“The essential thing ‘in heaven and earth’ is… that there should be long obedience in the same direction; there thereby results, and has as always resulted in the long run, something which has made life worth living.”
Friedrich Nietzsche, Beyond Good and Evil
I recently completed the reading of Eugene Peterson’s A Long Obedience in the Same Direction: Discipleship in an Instant Society and I must confess that ironically, I was irritated by the fact that it was not written in a manner that would have allowed for quick consumption. Reflective and offering many occasions for meditation, Peterson takes the reader through the Psalms of Ascension or the Songs of Ascent (Psalms 120-134). For all of my devotion, time spent in worship and study, Eugene Peterson describes me perfectly, “There is a great market for religious experience in our world; there is little enthusiasm for the patient acquisition of virtue, little inclination to sign up for a long apprenticeship in what earlier generations of Christians called holiness.” A long apprenticeship. Those words began to gnaw at me. To be sure, I wanted holiness, to be holy but was there an app for it? In addition, my daily tasks seemed to increase during the time that I was reading it, further preventing me from completing the book in what I would consider a timely manner. Honestly, I was more interested in checking it off my list, being able to say that I had read it than mulling over its message.
I had sat in a lecture of Peterson’s during his visit to the St. Mary’s Seminary and University in Baltimore, Maryland a few months before. There is even a picture of my meeting him in one of their publications and he remembers my name when I stand to ask a question of him. I have the video tape to prove it! Nevertheless, together, my husband and I must have bought six or eight books of his that day. Perhaps a bit star struck after meeting the translator of The Message, we wanted to know the work of Eugene Peterson.

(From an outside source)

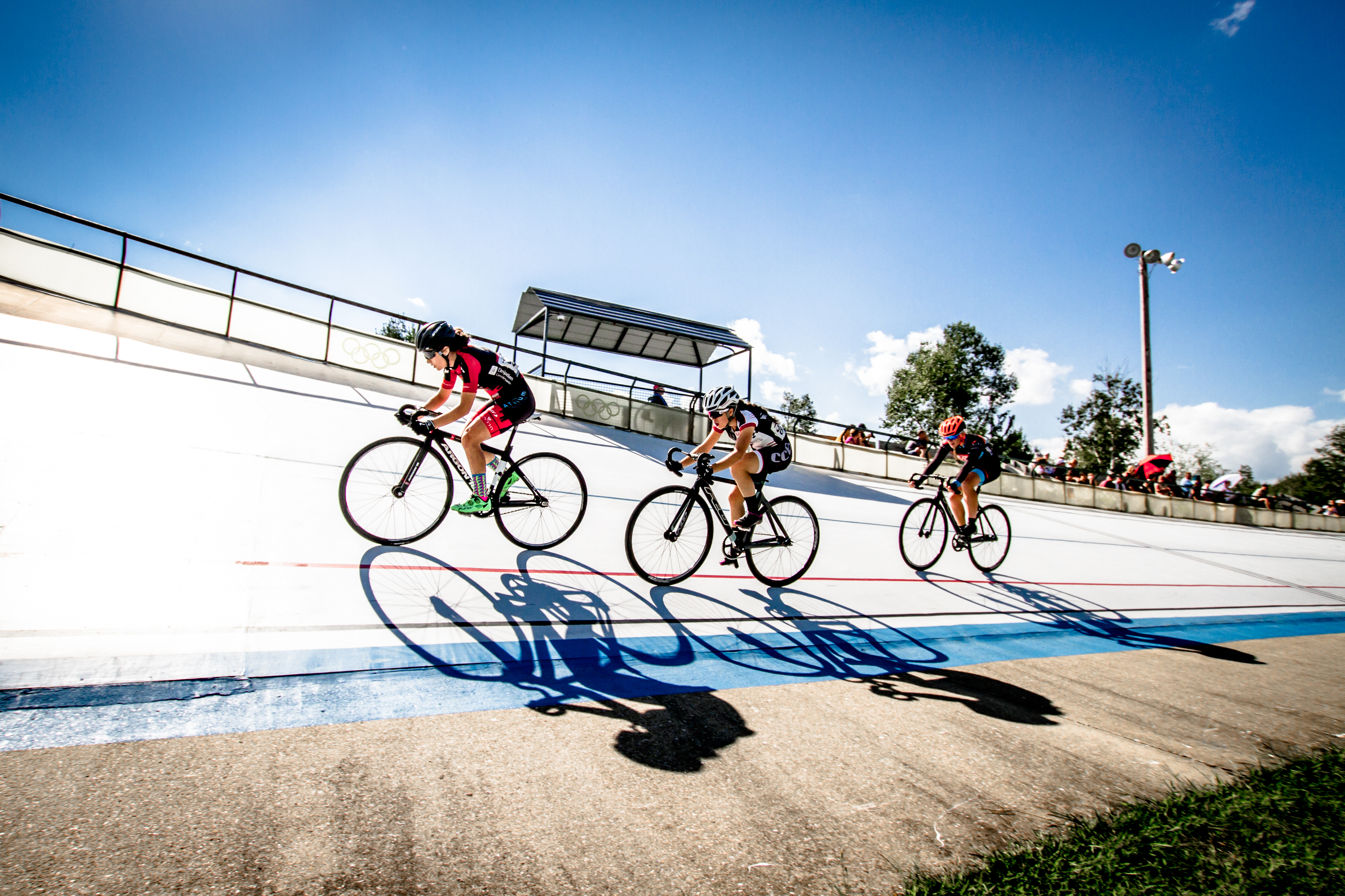 Simone Boilard, Josephine Peloquin & Lyse Ann Coffin. Quebec Provincial Track Cycling Championships, Bromont, August 26th & 27th, 2016..
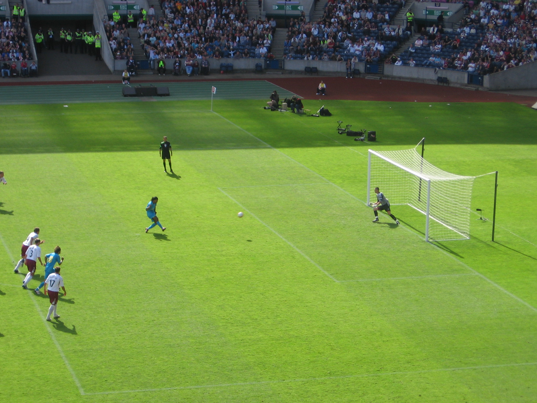 Ronaldinho xuta un penal al partit Heart of Midlothian-FC BarcelonaIMG_0269[1]

I wanted his books for their quotable verses and catchy sayings, a point to strengthen a sermon that I was to deliver or proof of my commitment to lifelong learning. I needed something new to say. And I was only interested in change if it occurred quickly but what I wanted was his change. I wanted the wisdom without the experience. I picked up his books as if cheat sheets for a course on discipleship. I thought that the book would be a critique of the culture when in fact it began from the start as an accusation against me. This comes from a woman who enjoys silence and quiet retreats, who listens to sermons for pleasure on days other than Sunday.
It seems that at some point, the busyness of this world had infiltrated mine. But, I am not really busy. Truly, none of us are; an emergency of any sort will bring this truth to bear. The reality is that I only feel busy with the constant buzzing and beeping of machines. They all need my attention and interaction. This paparazzi like technology makes me feel important, popular even. And yet, it because of my interaction with them that I feel the need to be constantly updated while believing myself to be always behind. It is a ridiculous and unfulfilling cycle. We have access to seemingly everything and now don’t have the time to experience and thereby know it.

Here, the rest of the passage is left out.